Let's start processing the data layer by layer.

# Frame 1, Layer 1    # npoint is the number of points sampled at the farthest point
# Frame 1, Layer 1                                                                  # npoint is the number of points sampled at the farthest point
   l1_xyz_f1, l1_points_f1, l1_indices_f1 = pointnet_sa_module(l0_xyz_f1, l0_points_f1, npoint=1024,
                                                                    radius=RADIUS1, nsample=16, mlp=[32, 32, 64],
                                                                    mlp2=None, group_all=False, is_training=is_training,
                                                                    bn_decay=bn_decay, scope='layer1')
	end_points['l1_indices_f1'] = l1_indices_f1

Get the first layer of the first frame,
l1_ xyz_ Dimension of F1: b * npoint(1024) * 3;
l1_ points_ Dimension of F1: b * npoint(1024) * mlp[-1] (64);
l1_ indices_ Dimension of F1: batch_size, npoint, nsample(16).

# Frame 1, Layer 2
	l2_xyz_f1, l2_points_f1, l2_indices_f1 = pointnet_sa_module(l1_xyz_f1, l1_points_f1, npoint=256, radius=RADIUS2,
                                                                    nsample=16, mlp=[64, 64, 128], mlp2=None,
                                                                    group_all=False, is_training=is_training,
                                                                    bn_decay=bn_decay, scope='layer2')
	end_points['l2_indices_f1'] = l2_indices_f1

Get the second layer of the first frame,
l2_ xyz_ Dimension of F1: b * npoint(256) * 3;
l2_ points_ Dimension of F1: b * npoint(256) * mlp[-1] = 128;
l2_ indices_ Dimension of F1: batch_size, npoint, nsample(16).
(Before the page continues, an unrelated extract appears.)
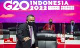 Gubernur Bank Indonesia Perry Warjiyo bersiap memimpin pertemuan hari kedua pada Pertemuan Tingkat Menteri Keuangan dan Gubernur Bank Sentral G20 atau Finance Ministers and Central Bank Governors (FMCBG) G20 di Jakarta Convention Center, Jakarta, Jumat (18/2/2022). Pertemuan Tingkat Menteri Keuangan dan Gubernur Bank Sentral yang merupakan rangkaian Presidensi G20 Indonesia dalam jalur keuangan tersebut membawa enam agenda prioritas, yakni exit strategy untuk mendukung pemulihan yang adil, pembahasan scarring effect untuk mengamankan pertumbuhan masa depan, sistem pembayaran di era digital, keuangan berkelanjutan, inklusi keuangan, dan perpajakan internasional. (FOTO : ANTARA/M Risyal Hidayat)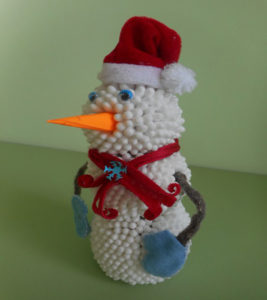 За да създадете ръкоделие със зимна или новогодишна тематика, е логично да направите снежен човек. Този символ от сняг ще пресъздаде зимна атмосфера.

Similarly, the same operation is performed on the second frame, and the results are listed as follows:

l1_ xyz_ Dimension of F2: b * npoint(1024) * 3;
l1_ points_ Dimension of F2: b * npoint(1024) * mlp[-1] = 64;
l1_ indices_ Dimension: batch_size, npoint, nsample(16).

l2_ xyz_ Dimension of F2: b * npoint(256) * 3;
l2_ points_ Dimension of F2: b * npoint(256) * mlp[-1] = 128;
l2_ indices_ Dimension: batch_size, npoint, nsample(16).

Then embedding.




pointnet_sa_module should be used for down sampling. The three parts (up sampling, flow embedding and down sampling) written in the paper are probably used for feature learning of the original point set.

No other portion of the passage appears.